In his Feb. 17 Hard Asset Weekly titled “The Structural Dilution of Fiat Currency,” McLeish contends that modern monetary systems are “elastic by design,” with fiscal deficits financed through sovereign issuance and central bank balance-sheet expansion driving stepwise increases in broad money, particularly M2.

M2, a broad measure of money supply that includes cash, chequing deposits, savings accounts and other near-cash assets, is often used as a gauge of overall liquidity in the financial system.

Since 1970, the U.S. dollar has lost approximately 88% of its purchasing power, reflecting compounding inflation rather than episodic collapse…

The analyst said crisis interventions — notably the Global Financial Crisis and the COVID response — permanently reset the monetary baseline higher.
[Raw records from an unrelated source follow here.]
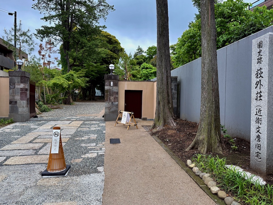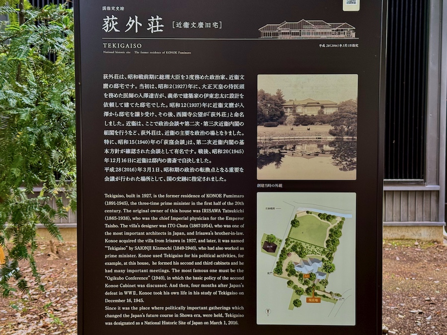 「荻外荘」(てきがいそう)は東京都杉並区に残る、昭和時代前期に内閣総理大臣を3度務めた近衛文麿の旧別邸。「荻外荘(近衛文麿旧宅)」の指定名で国指定文化財(史跡)。敷地の一部(現在の芝生広場)が『荻外荘公園』として2015年より公開されていましたが、旧邸も建築の復原・整備を経て2024年より公開が開始されました。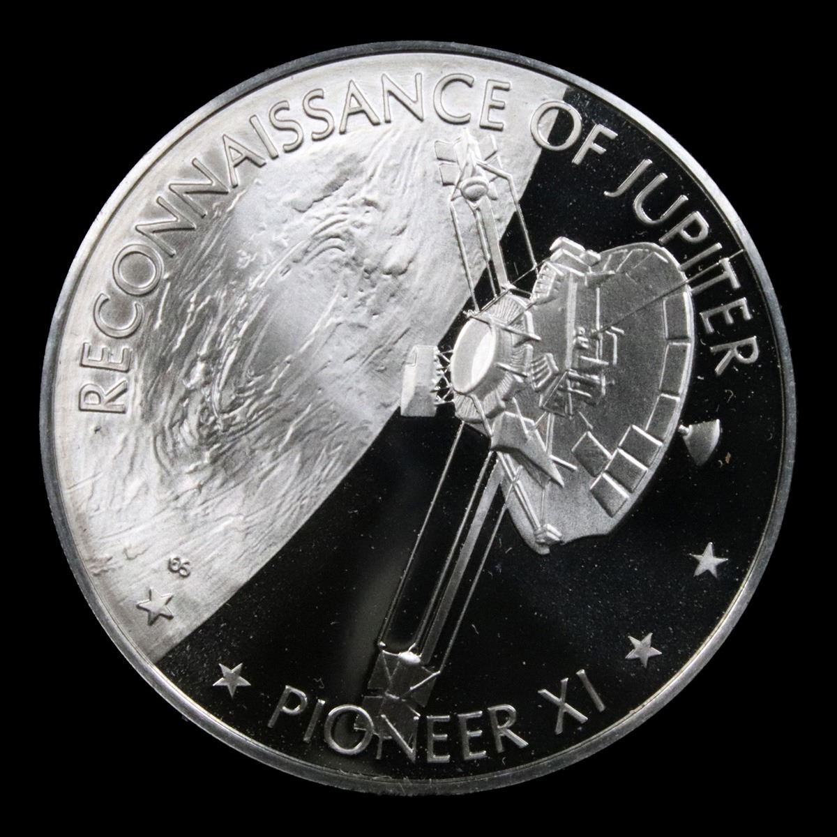 America In Space Reconnaissance Of Jupiter . . 1oz. .999 Silver Round Grades. The original series of 24 medals was minted exclusively for the men and women in the aerospace industry and also established Franklin Mint collectors. We will be bringing the entire set to you throughout all of our Fall Extravaganza auction. The face of each medal bears a sculptured design portraying one of the key events in the history of America in space. A distinguished board of advisers, who made space history, chose the subjects to be honored. The reverse briefly relates the history of the event portrayed. This Medal portrays Testing The Theory of Relativity on June 18th, 1976. In 1973, and again in 1976, additional medals (12 and 24 respectively) were made available to collectors of the first 24 medals. In 1977, a mini-coin collection containing the 60 designs previously minted was made available. Each mini-coin collection included a hardwood collector's case fitted with a transparent top. Each set of 12 medals contains 9.7 ounces.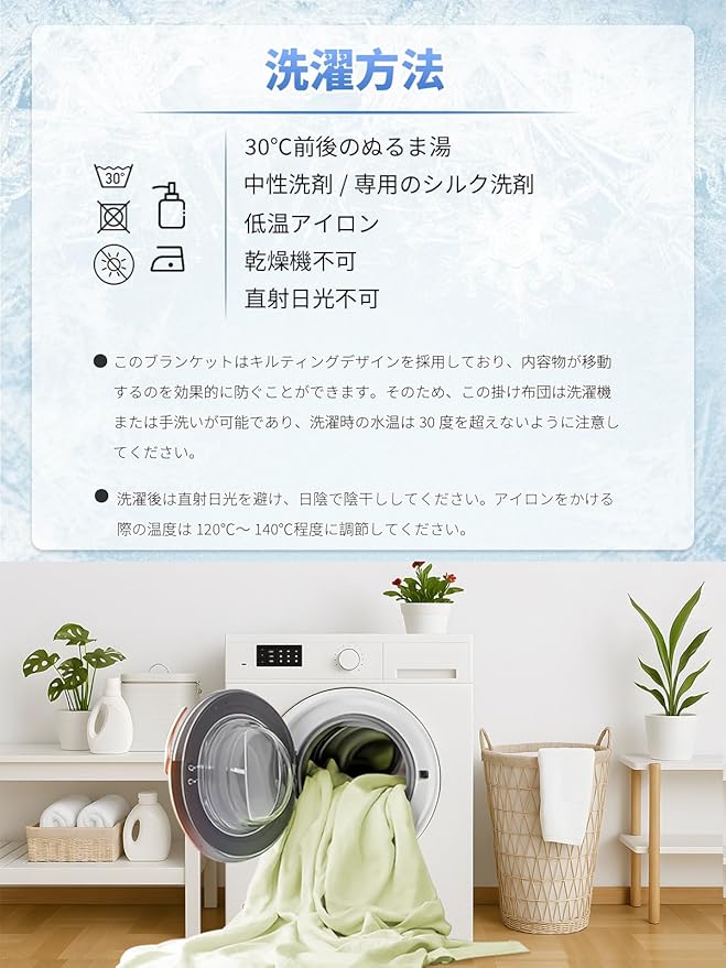 ★洗濯方法:このブランケットはキルティングデザインを採用しており、内容物が移動するのを効果的に防ぐことができます。そのため、この掛け布団は洗濯機または手洗いが可能であり、洗濯時の水温は20度を超えないように注意してください。乾燥機や直射日光不可です。風通しの良い日陰で陰干ししてください。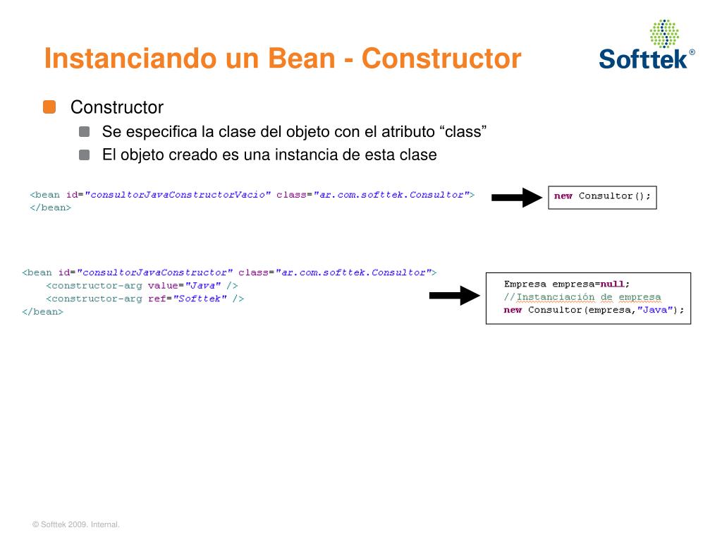 Instanciando un Bean - Constructor • Constructor • Se especifica la clase del objeto con el atributo “class” • El objeto creado es una instancia de esta clase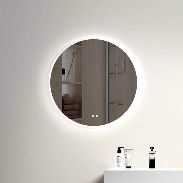 Anky 24 in. W x 24 in. H Round Frameless Wall Mount LED Bathroom Vanity Mirror, Adjustable Brightness and Temperature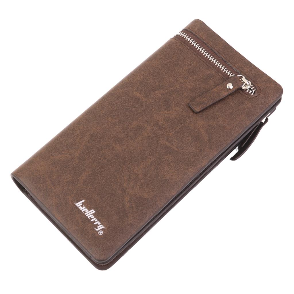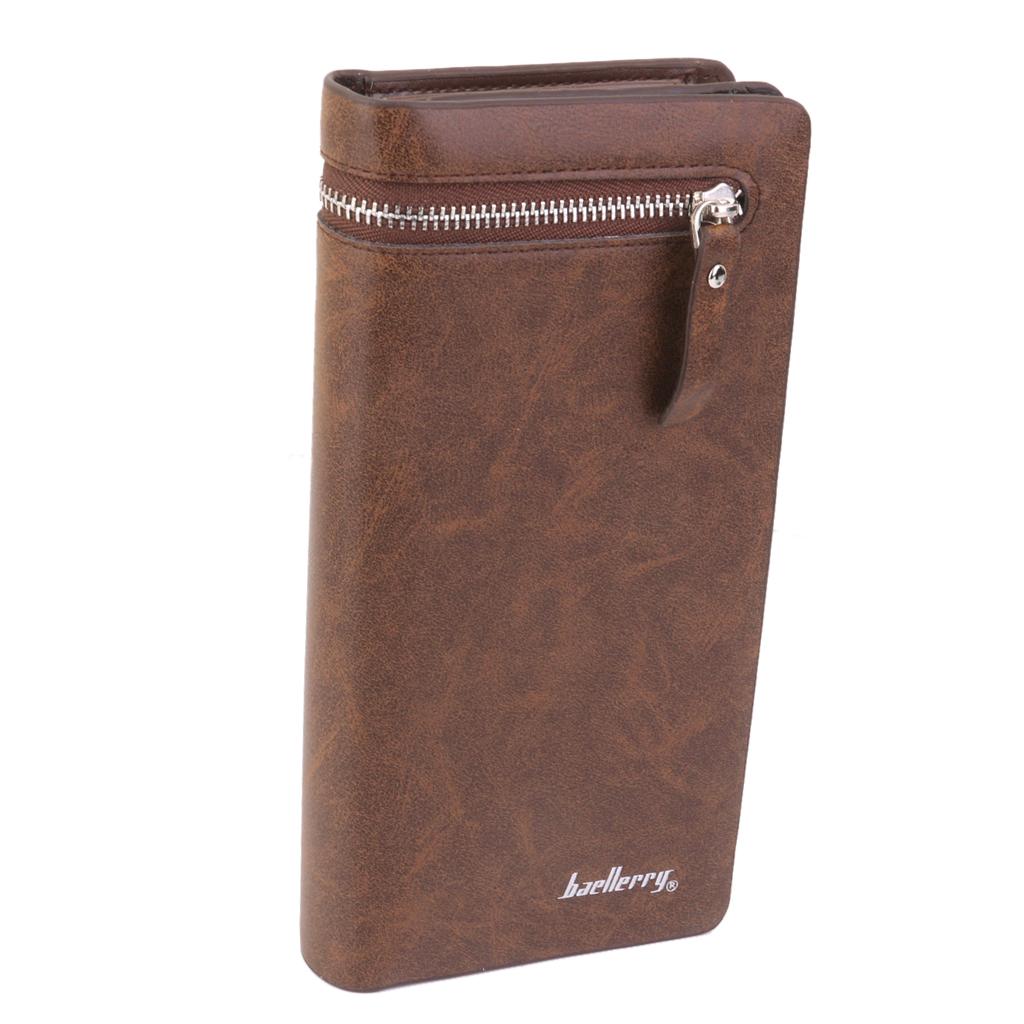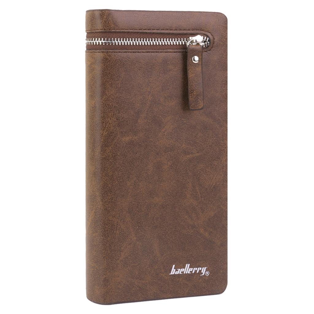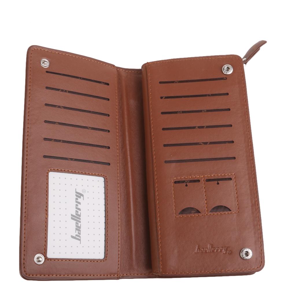 Men's PU Card Holder Zip Wallet Purse Billfold Clutch Checkbook Light Brown

While tightening cycles slow growth, they rarely restore prior levels of liquidity, creating what he describes as a ratchet effect in both central bank assets and broad money.

The report suggests that U.S. M2 surged roughly 25% in a single year during 2020–2021, an unprecedented expansion in postwar data, and that despite subsequent normalization, the absolute level of money supply has remained structurally elevated.

McLeish said that inflation is not linear or immediate, operating instead through the interaction of money growth, real output growth and velocity. While velocity collapsed during the pandemic, delaying CPI effects, he argues that “velocity determines timing; money growth determines direction,” suggesting that sustained divergence between money supply and real output embeds longer-term purchasing power erosion.

He further points to rising debt-to-GDP ratios and interest-rate sensitivity as structural constraints. Elevated sovereign debt narrows policy flexibility, increasing the probability of renewed monetary accommodation during downturns — a dynamic he links to fiscal dominance and recurring liquidity expansion.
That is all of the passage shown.